Wow. I’m guessing it’s generating MIDI or something rather than synthesizing aud...

Agraillo · on Feb 13, 2024

My understanding is that they use a side effect of the Bark model. The comment https://news.ycombinator.com/item?id=35647569 from JonathanFly probably explains it well. If you train your model on a massive amount of audio mixes of lyrics+music then prompting lyrics alone pulls the music with it as when the comment suggested that prompting context-correlated texts might pull the background noises usual for such context. Already while writing this I imagine training with a huge set of publicly performed poetry pieces that would allow generating novel performances of artificial poets with novel prompts. This is different to riffusion.com approach, where works the genius idea of more or less feeding spectrograms as images to Stable Diffusion.

RobinL · on Feb 13, 2024

I don't have any special insight into how it works, but I suspect it is largely synthesizing audio from scratch. The more I've thought about it, the task of generating music feels very similar to the task of text-to-speech with realistic intonation. So feels like the same techniques would be applicable.

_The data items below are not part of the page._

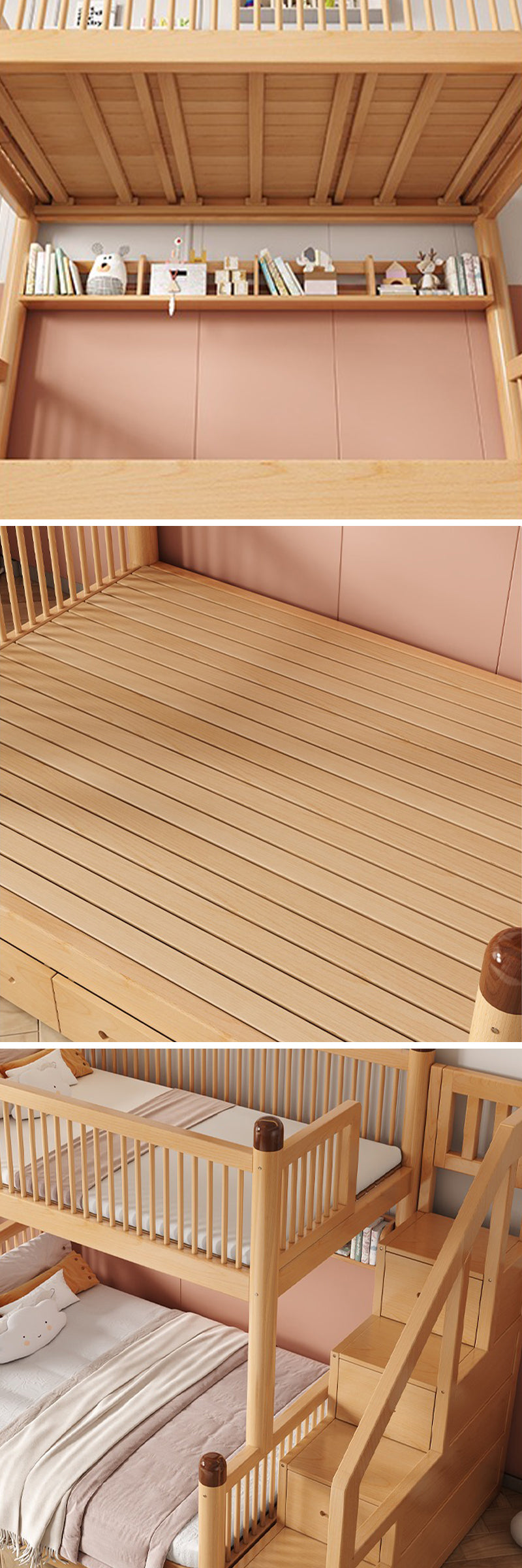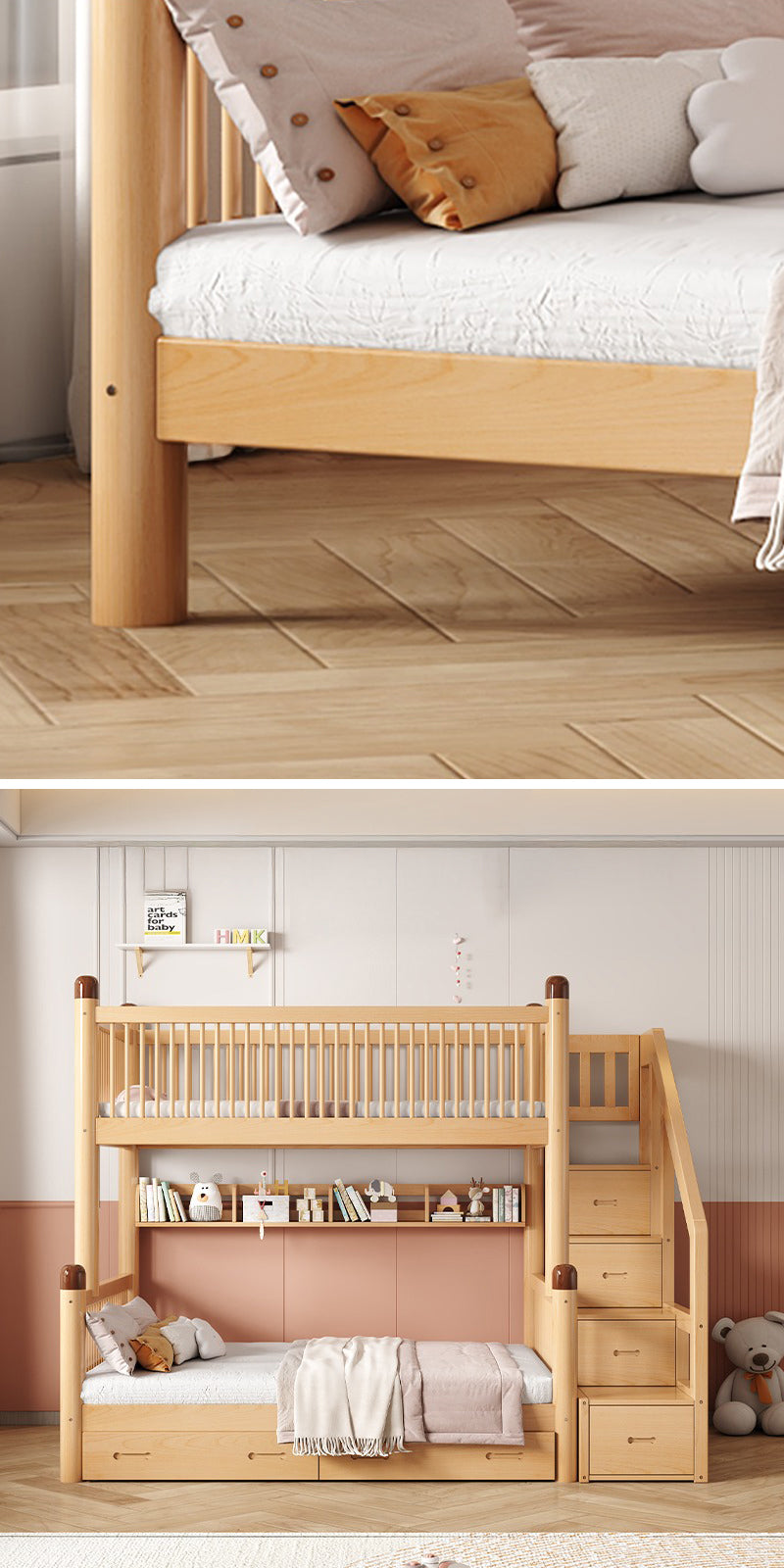 しっかりした構造で、長く安心してお使いいただけます。角のないなめらかな仕上げと、安全に昇り降りできるステップや手すり付きの上段で、お子様にも安心。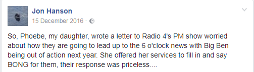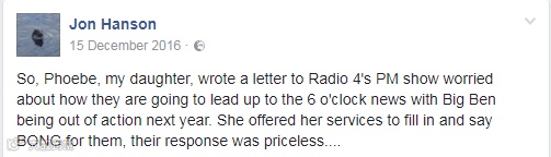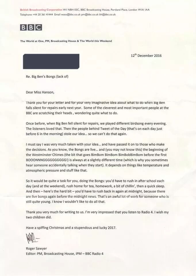 我的女儿菲比写了封信给Radio 4的PM节目,对大本钟明年休息后,他们要如何跟进6点档新闻表示了担心,她提议自己来顶替这个位置然后为他们模仿钟声BONG,他们的回复也非常珍贵……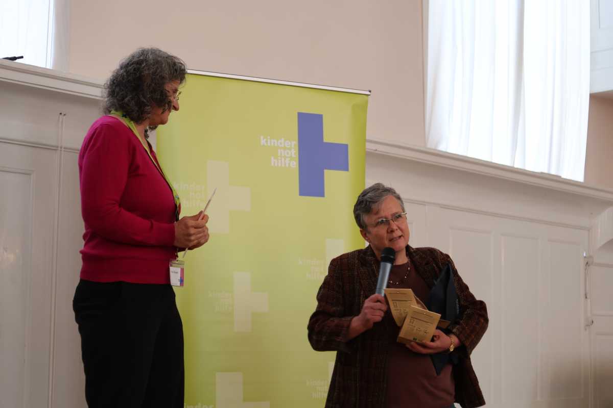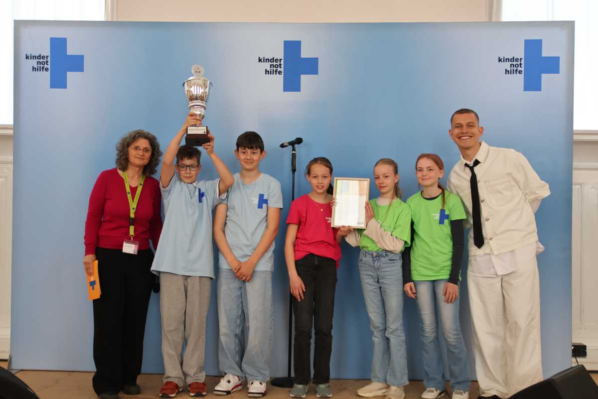 Als Anerkennung überreichten Gregor Hägele und die Moderatorin Imke Häusler von der Kindernothilfe fünf Schüler*innen – stellvertretend für alle zehn beteiligten Klassen – Urkunden und den Wanderpokal. Besonders bewegend: Ein mitgebrachter Backstein, wie der 13-jährige Anil aus Nepal sie täglich herstellen muss, statt zur Schule zu gehen. „Er würde viel lieber lernen“, betonte Imke Häusler.
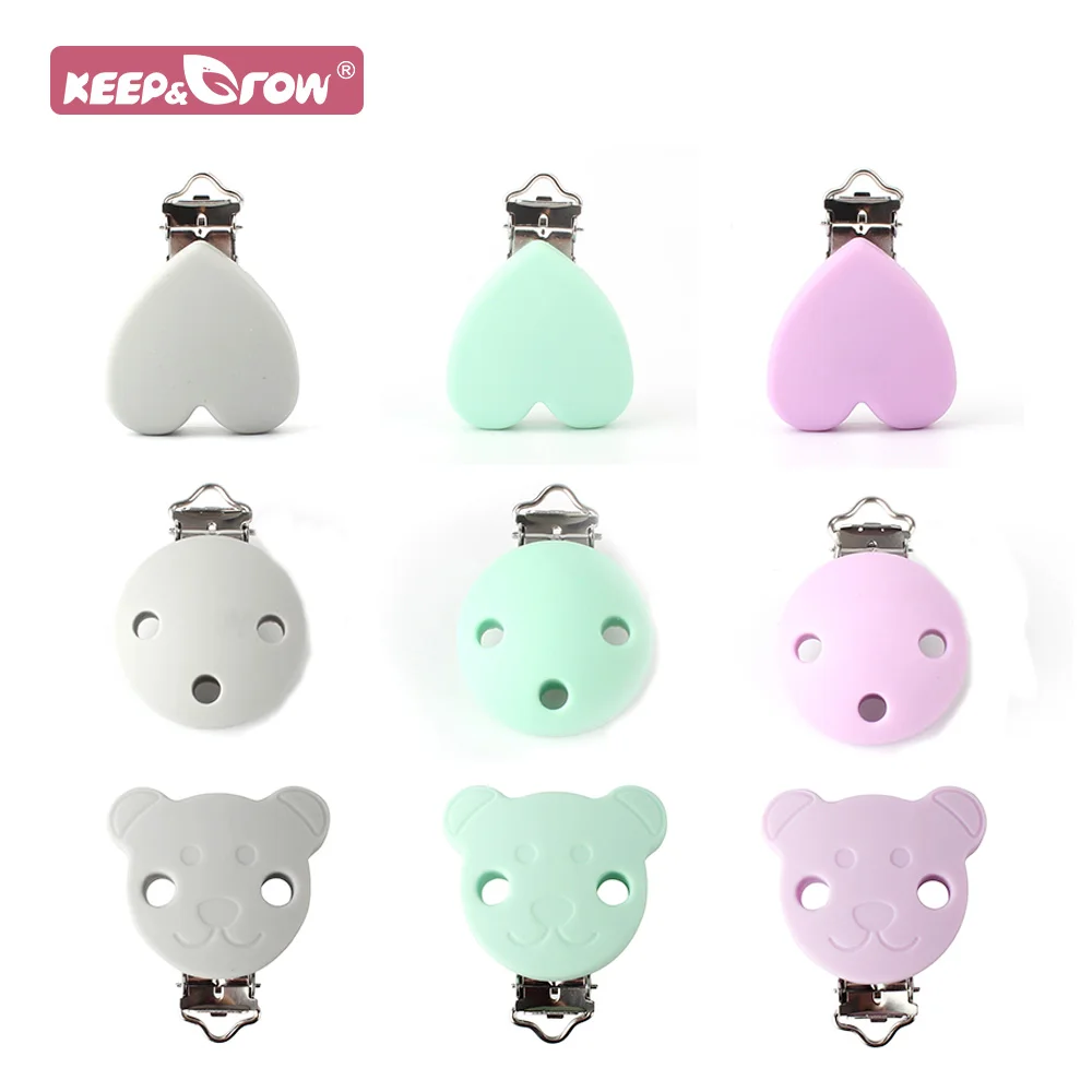 Keep & Grow 2 шт силиконовые соски цепи зажимы Сердце Медведь круглый ребенок прорезыватель зажимы держать соски цепи Детские продукты по уходу за полостью рта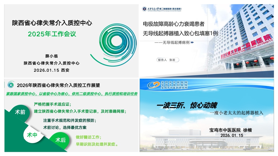 1月15日,陕西省2025年心律失常介入质控会通过线上平台顺利召开。本次会议由西安交通大学第一附属医院薛小临教授、梁潇教授共同主持,全省各地医疗机构的心律失常介入质控负责人齐聚云端,围绕2025年陕西省心律失常介入质控工作成效、数据统计、并发症防控及2026年工作计划等核心内容展开深入交流,为全省心律失常介入诊疗质量的规范化、精准化发展凝聚共识。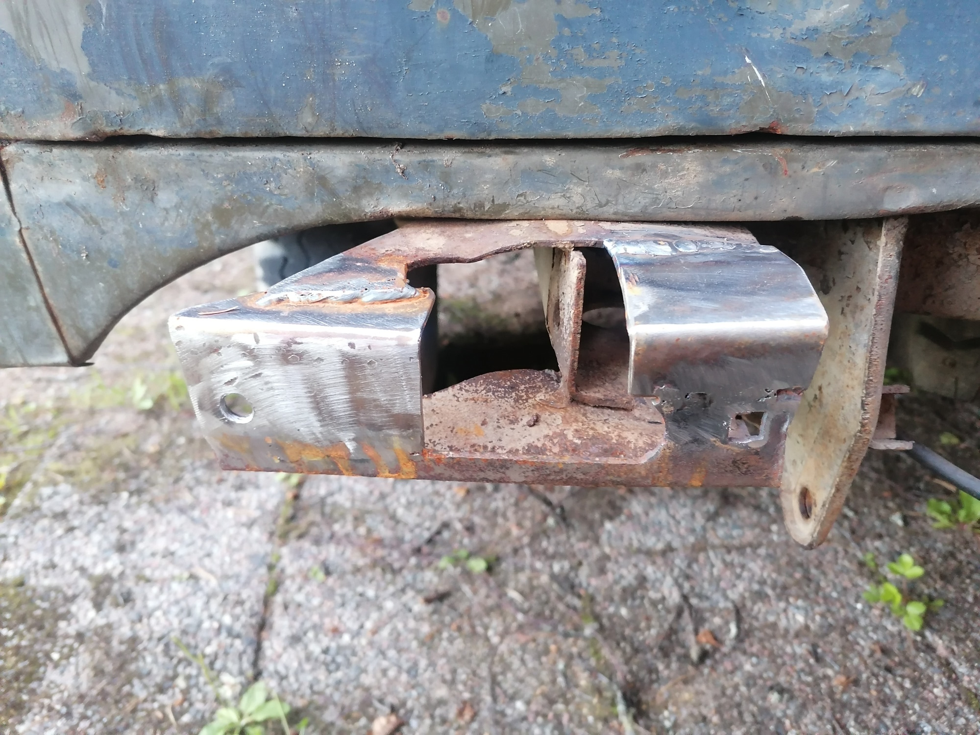 Ensitestailut maastossa vinssi läpäisi ja vinssin kiinnityskin kesti hyvin rungossa. Mutta pitkään ei vinssattu kerrallaan kun sähkö loppuu kesken, eli isompaa akkua selvästikin kaipaisi. Vinssin paikan etsimistä, aika lähellä takana oleva jarrupääsylinteri toi oman hankaluutensa, Johonkinhan se vinssipeti pitää kiinnittää, joten laitoin runkoaisojen väliin 5mm paksun levyn johon tein vähän vahvikkeita (kuvausvaiheessa ne näköjään vielä puuttuvat) sekä tietty hitsasin pikakiinnitystä varten 60x60x4 neliöputken, oikeastihan putkikoon pitäisi olla jotain tuumaista mitä jenkkiautojen vetokoukuissa käytetään mutta eihän sellaista putkea mistään saa. Tuon levyn laitoin pulttaamalla runkoaisoihin kiinni, kun jarrupääsylinterin kiinnityspultteja pystyi hyödyntämään kiinnityksessä. Apukuskin puolelle tarvitsi aisaan hitsata pieni lappu pulttikiinnitystä varten. Samalla sai vahvistettua sen puolen hinauskoukkua, kun se jo kertaalleen pääsi vääntymään. Kuskin puolellahan se on tehty vahvemmaksi ettei jarrupääsylinteri irtoa missään tilanteessa.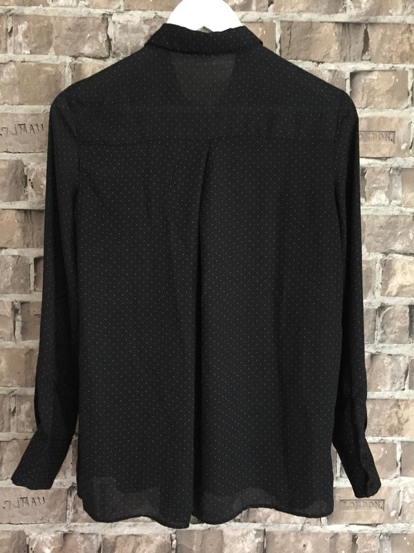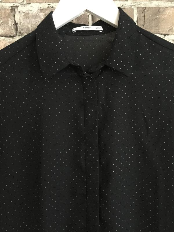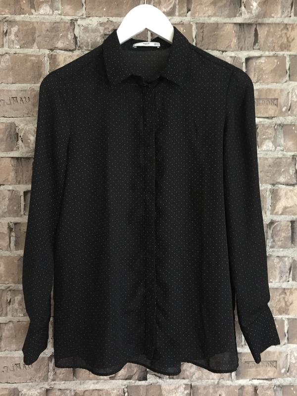 Класна рубашонка mango, чорна в горошок, розмір с вказано, думаю буде на м-ку невелику. Має стан нової речі. Бокова бірка зрізана. Дуже тендітна рубашечка.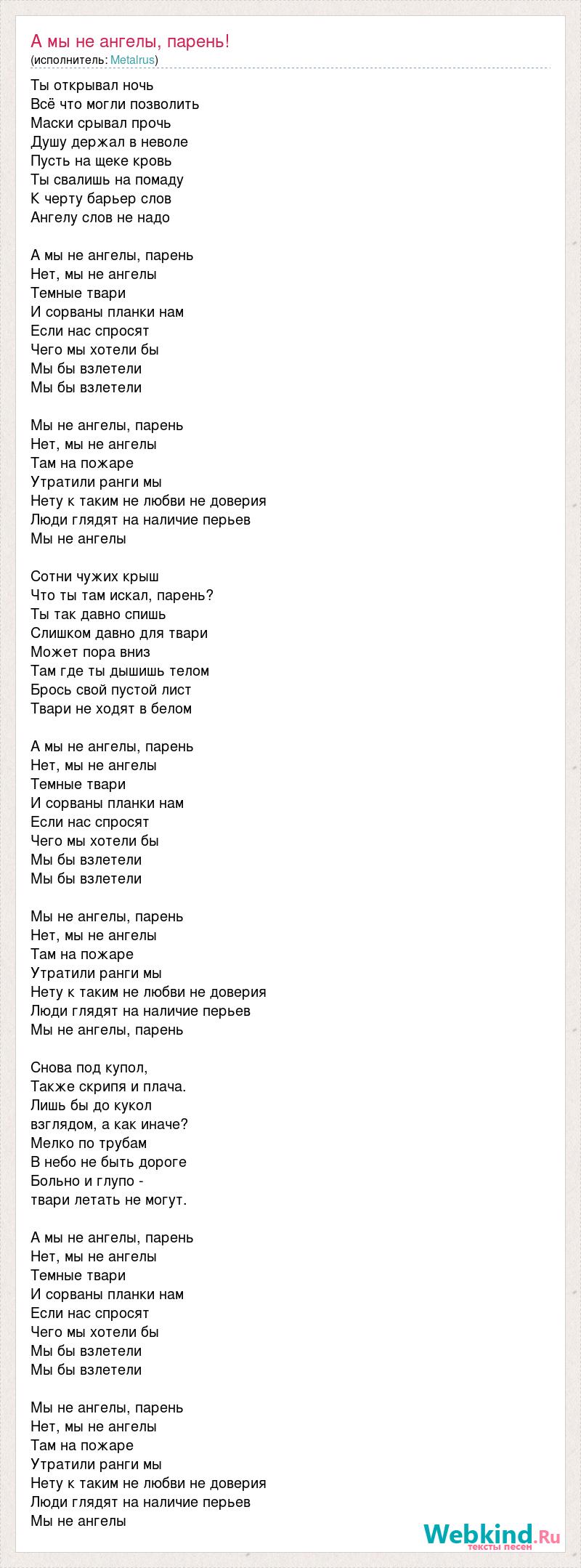Ты открывал ночь Всё что могли позволить Маски срывал прочь Душу держал в неволе Пусть на щеке кровь Ты свалишь на помаду К черту барьер слов Ангелу слов не надо А мы не ангелы, парень Нет, мы не ангелы Темные твари И сорваны планки нам Если нас спросят Чего мы хотели бы Мы бы взлетели Мы бы взлетели Мы не ангелы, парень Нет, мы не ангелы Там на пожаре Утратили ранги мы Нету к таким не любви не доверия Люди глядят на наличие перьев Мы не ангелы Сотни чужих крыш Что ты там искал, парень? Ты так давно спишь Слишком давно для твари Может пора вниз Там где ты дышишь телом Брось свой пустой лист Твари не ходят в белом А мы не ангелы, парень Нет, мы не ангелы Темные твари И сорваны планки нам Если нас спросят Чего мы хотели бы Мы бы взлетели Мы бы взлетели Мы не ангелы, парень Нет, мы не ангелы Там на пожаре Утратили ранги мы Нету к таким не любви не доверия Люди глядят на наличие перьев Мы не ангелы, парень Снова под купол, Также скрипя и плача. Лишь бы до кукол взглядом, а как иначе? Мелко по трубам В небо не быть дороге Больно и глупо - твари летать не могут. А мы не ангелы, парень Нет, мы не ангелы Темные твари И сорваны планки нам Если нас спросят Чего мы хотели бы Мы бы взлетели Мы бы взлетели Мы не ангелы, парень Нет, мы не ангелы Там на пожаре Утратили ранги мы Нету к таким не любви не доверия Люди глядят на наличие перьев Мы не ангелы

Suno do have an open source repo here that presumably uses similar tech: https://github.com/suno-ai/bark

> Bark was developed for research purposes. It is not a conventional text-to-speech model but instead a fully generative text-to-audio model, which can deviate in unexpected ways from provided prompts. Suno does not take responsibility for any output generated. Use at your own risk, and please act responsibly.

I've generated probably >200 songs now with Suno, of which perhaps 10 have been any good, and I can't detect any pattern in terms of the outputs.

Here's another one which is pretty good. I accidentally copied and pasted the prompt and lyrics, and it's amazing to me how 'musically' it renders the prompt:

https://app.suno.ai/song/d7bad82b-3018-4936-a06d-8477b400aae...

Here are a couple more which are pretty good (i use it primarily for making fun songs for my kids):

https://app.suno.ai/song/a308ca8a-9971-47a3-8bb3-a95126ff1a8...

https://app.suno.ai/song/3b78a631-b52a-4608-a885-94f2edc190b...

And this one's kindof interesting in that it can render 'gregorian chant' (i mean it's not very good): https://app.suno.ai/song/0da7502b-73cf-4106-88e8-26f4f465a5f...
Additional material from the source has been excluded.